The skull of Palaeoloxodon namadicus (Pilgrim, 1905) from late Pleistocene of Central India- Siwalik gallery, Indian Museum.
Indian Museum
27, Jawaharlal Nehru Road. Kolkata-700016, India
22° 33′ 29.0″ N, 88° 21′ 03.0″ E
The skull of Palaeoloxodon namadicus (Pilgrim, 1905) from late Pleistocene of Central India- Siwalik gallery, Indian Museum.
The Siwalik Gallery of the Geological Survey of India (GSI), housed in the Indian Museum, Kolkata, preserves one of the most comprehensive and scientifically significant collections of vertebrate fossils from the Siwalik Group in South Asia. The assemblage represents material from a wide range of provenances, including Sind, Punjab, Kutch, the Narmada Valley, Piram Island, the Bugti Hills, and other fossiliferous localities across India and present-day Myanmar. Today, the collection comprises nearly 1,400 specimens, dating from the Miocene to the Pleistocene (~18–0.5 million years ago), acquired through extensive GSI fieldwork, institutional transfers, and inter-museum exchanges. A cornerstone of this collection originated from the Asiatic Society of Bengal (ASB), transferred to the Indian Museum in 1875. It included some of the earliest Siwalik fossils discovered during the 1830s. The collection was significantly enriched by systematic fieldwork of William Theobald, Deputy Superintendent of GSI, who between 1873 and 1881 gathered important material from Miocene and Pliocene successions in the Potwar Plateau, Chandigarh, and Pinjore. Further contributions were made by W. T. Blanford and F. Fedden, notably from Sindh and Kutch. Between 1878 and 1881, cast exchanges with the British Museum added further depth. Collectively, these specimens highlight the gallery’s enduring significance for vertebrate paleontology, evolutionary research, and the reconstruction of South Asia’s deep-time geological history.

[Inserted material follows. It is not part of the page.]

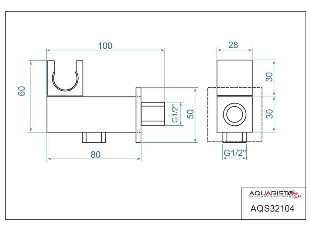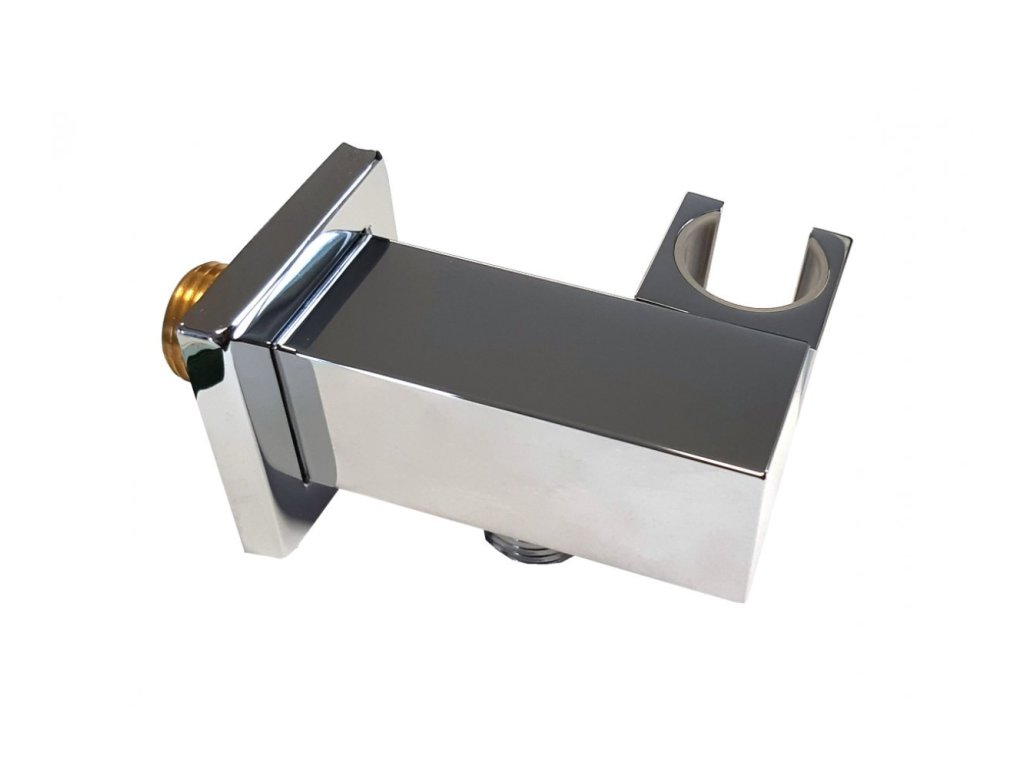 Kovová stenová prípojka na sprchu k podomietkovej batérii. Súčasťou prípojky je držiak ručnej sprchy. Úchyt sprchy je otočný.

The Siwalik fossil mammal collection housed in the Indian Museum represents one of the most scientifically and historically significant vertebrate repositories in Asia. Systematically assembled since the early nineteenth century, it played a central role in shaping debates on Earth’s deep history and vertebrate evolution. Its scientific value lies in the pioneering work of Dr. Hugh Falconer and Sir Proby Cautley [1,2], who first described iconic taxa such as Sivapithecus and Stegodon, as well as in Richard Lydekker’s 1885 catalogue [4], which provided a lasting taxonomic and curatorial framework. Together, these efforts established the Siwalik fossils as a foundation for studies on Miocene–Pleistocene mammalian diversification, extinction, biochronology, faunal dispersal, and primate evolution.

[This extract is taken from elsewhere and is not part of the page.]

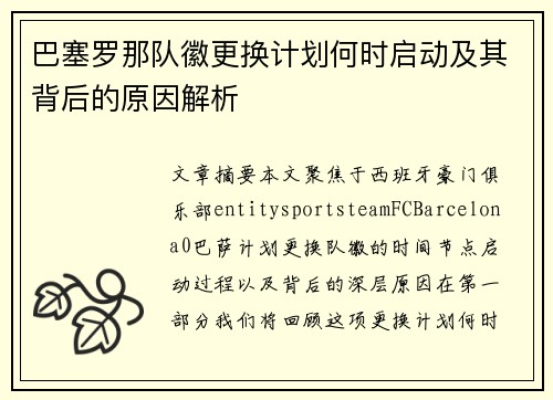 巴塞罗那队徽更换计划何时启动及其背后的原因解析

The collection also holds immense historical and cultural value, having been transferred from the Asiatic Society of Bengal in 1875 and subsequently enriched by William Theobald’s Geological Survey of India expeditions [3], along with contributions by W. T. Blanford and others. These specimens were critical in the birth of vertebrate paleontology in South Asia, documenting extinct Proboscideans and Rhinocerotids that reshaped 19th-century natural history. Finally, the Siwalik collection has enduring educational value, serving as a primary archive for South Asian prehistory and a reference point for training researchers, curators, and students in evolutionary and paleontological sciences.